As shown in FIG. 4, the key structure 1 can include the upper cover 60. The upper cover 60 is arranged on the pressing unit 10, and the upper cover 60 is formed with a plurality of openings 61. The pressing members 11 are exposed to the user by penetrating the openings 61. Thus, the openings 61 function to restrict lateral flexion of the pressing members 11. More specifically, when the pressing member 11 is depressed, the pressing member 11 will deform downwardly and laterally. However, the openings 61 restrict any significant deformation by the side faces 113 of the depressed pressing member 11. Thus, the pressing members 11 are prevented from bulging laterally. The restriction forces the depressed pressing member 11 to deform downwardly to press against the insulating layer 20. The lower cover 70 may be mounted to the underside of the second conducting layer 50 as a support means. The upper and lower covers 60 and 70 cooperate to protect the internal components of the key structure 1.

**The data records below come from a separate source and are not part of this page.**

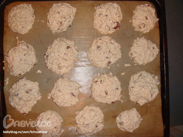 Ложкой разложить комочки теста на застеленный бумагой противень на достаточном расстоянии друг от друга.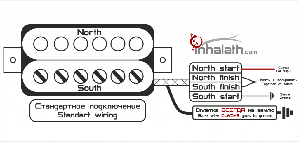 Но хамбакер — штука все-таки довольно простая по конструкции, и, несмотря на разные маркировки, провода на всех датчиках будут идти от концов катушек. (Исключение составляет активная электроника, где еще один провод идет от преампа к батарейке). Давайте рассмотрим классическую схему подключения звукоснимателя (картинка кликабельна):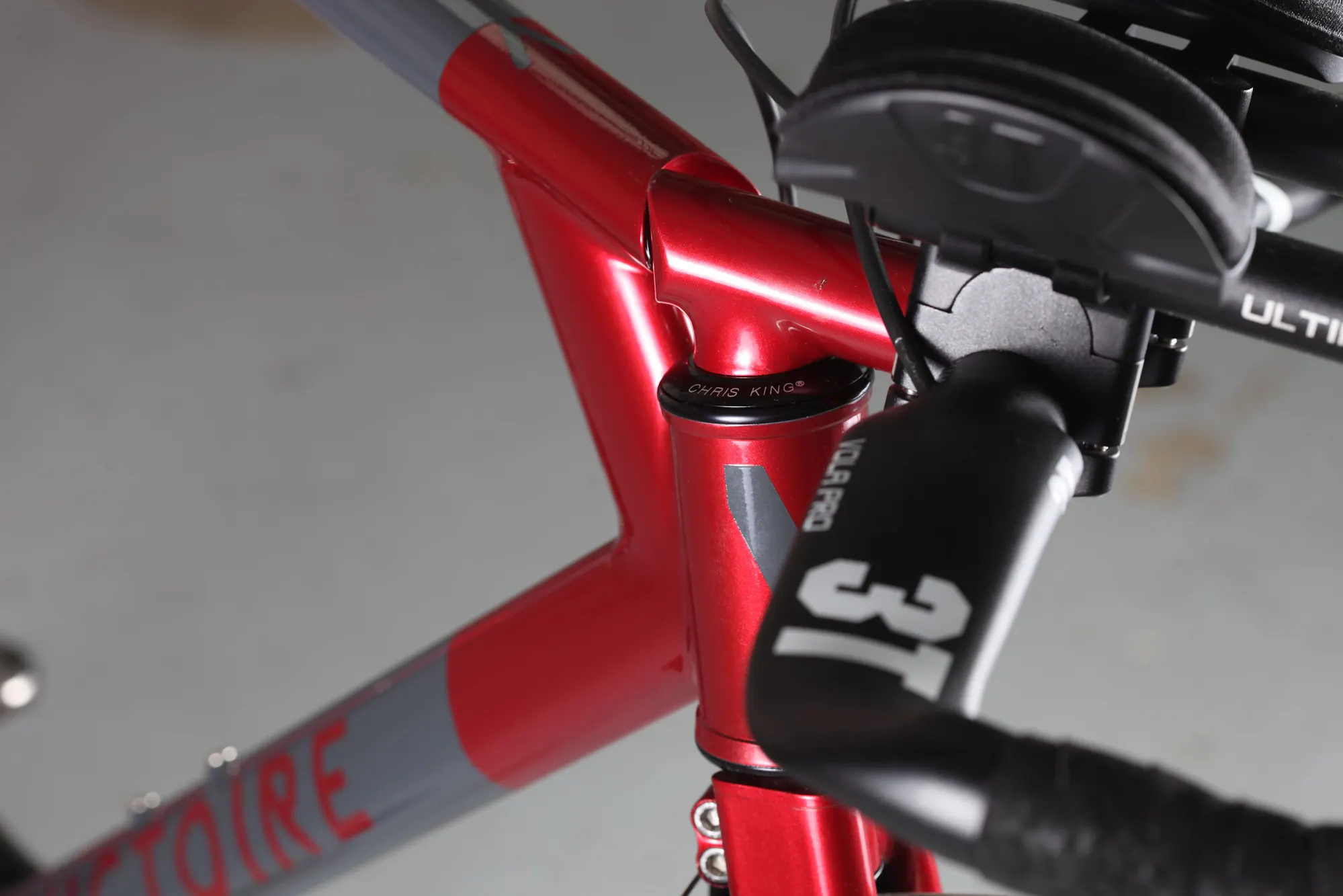 Une fois les points de contacts définis, Julien est parti d’une feuille blanche pour la conception du cadre. L’une des principales différences par rapport aux vélos Victoire classiques réside dans la conception de la fourche, qui est réalisée à l’inverse d’un système headset classique. La potence est ici directement soudée au pivot de fourche avec un angle la positionnant à l’horizontale du sol. Le serrage du pivot s’effectue à l’arrière de la tête de fourche, ce qui permet d’obtenir une fourche compacte et aérodynamique. Les fourreaux Reynolds 853 sont en forme de goutte d’eau pour améliorer la pénétration dans l’air. L’ensemble potence et fourche a demandé à lui seul une semaine de travail.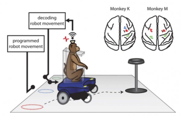该研究由杜克大学健康中心的大脑界面专家Miguel Nicolelis领导,它也是第一个成功利用BMI帮助整个身体进行移动的研究。研究人员们在猴子的大脑中植入了无线的高吞吐量多通道设备后,向人们演示猴子能够利用约300个神经元自由地控制电动轮椅。该设备允许它们实时想象轨道并利用无线连接导航到目标处。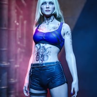 Fully customizable, she features a striking body tattoo, a full body dirt and grime overlay, and an alternate "gritty" head texture for added edge. Enhance realism with extra layered freckles, positive and negative head bump LIE's, creating more natural skin bumps or skin pores, and a unique customizable dual color eye shader featuring 10 vibrant presets. Add drama with LIE makeup, lip colors, and a high impact sweat shader for that perfect skin shine.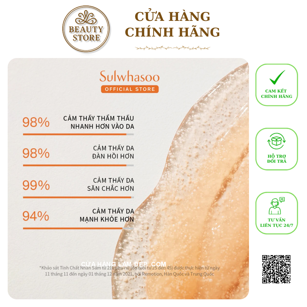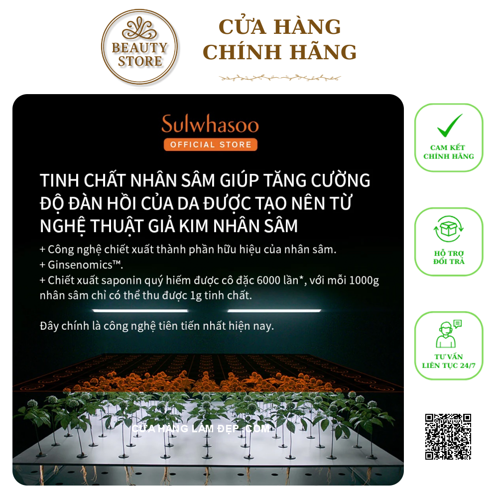 Nghiên cứu chưa từng có trên thế giới về nhân sâm: Từ năm 1960, hơn 50 năm qua, Sulwhasoo đã nghiên cứu chuyên sâu về nhân sâm như một sản phẩm làm đẹp. Những nhà khoa học và chuyên gia về nhân sâm làm việc tại Trung tâm Khoa học & Di sản Sulwhasoo để đưa ra giải pháp tối ưu nhất cho làn da khỏe mạnh.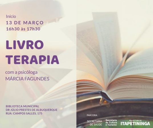 A Biblioteca Municipal “Dr. Júlio Prestes de Albuquerque”, em parceria com a Secretaria de Saúde de Itapetininga, desenvolverá mais um projeto envolvendo livros. O Livroterapia, conduzido pela psicóloga da rede municipal Márcia Fagundes, trabalhará temas sobre autoestima e autoconhecimento femininos, por meio de obras literárias.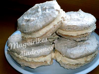 - Ψήνουμε 50 λεπτά σε θερμοκρασία 60 βαθμούς. Όταν κρυώνουν, τις μαζεύουμε από το ταψί και κολλάμε δύο δύο με την κρέμα σαν ένα σάντουιτς. Αν θέλουμε, μπορούμε από πάνω να κάνουμε σχέδια (γραμμές, κλπ.) με λιωμένη σοκολάτα.

Please refer to FIG. 5, which is a cross-sectional view showing the key structure 1 at depressed state. The depressed pressing member 11 forces the first conducting layer 31 to abut against the second conducting layer 51. Therefore, electrical connection is established between. More specifically, when external force is exerted on the pressing face 112 of the pressing member 11, the applied force is transmitted vertically downward to the insulating layer 20. The insulating layer 20 is thus forced to push downward. The reason is as follows: the receiving space 111 of the pressing member 11 is a sealed space filled with fluid, the side faces 113 of the pressing member 11 are more rigid relative to the insulating layer 20 and the first conducting layer 30, and the opening 61 of the upper cover 60 restricts lateral deformation of the corresponding pressing member 11. Therefore, the internal fluid inside the receiving space 111 can only transfer the applied force downward to the insulating layer 20. The insulating layer 20 then squeezes the first conducting layer 30 in forcing the corresponding first conducting portion 31 downward. Since the first conducting portion 31 is held facing toward the second conducting portion 51, the first conducting portion 31 is forced into abutment with the second conducting portion 51 by penetrating the through hole 41 of the spacer 40. Thus, electrical communication is established between the first conducting portions 31 and second conducting portions 51, and signal transfer can be achieved.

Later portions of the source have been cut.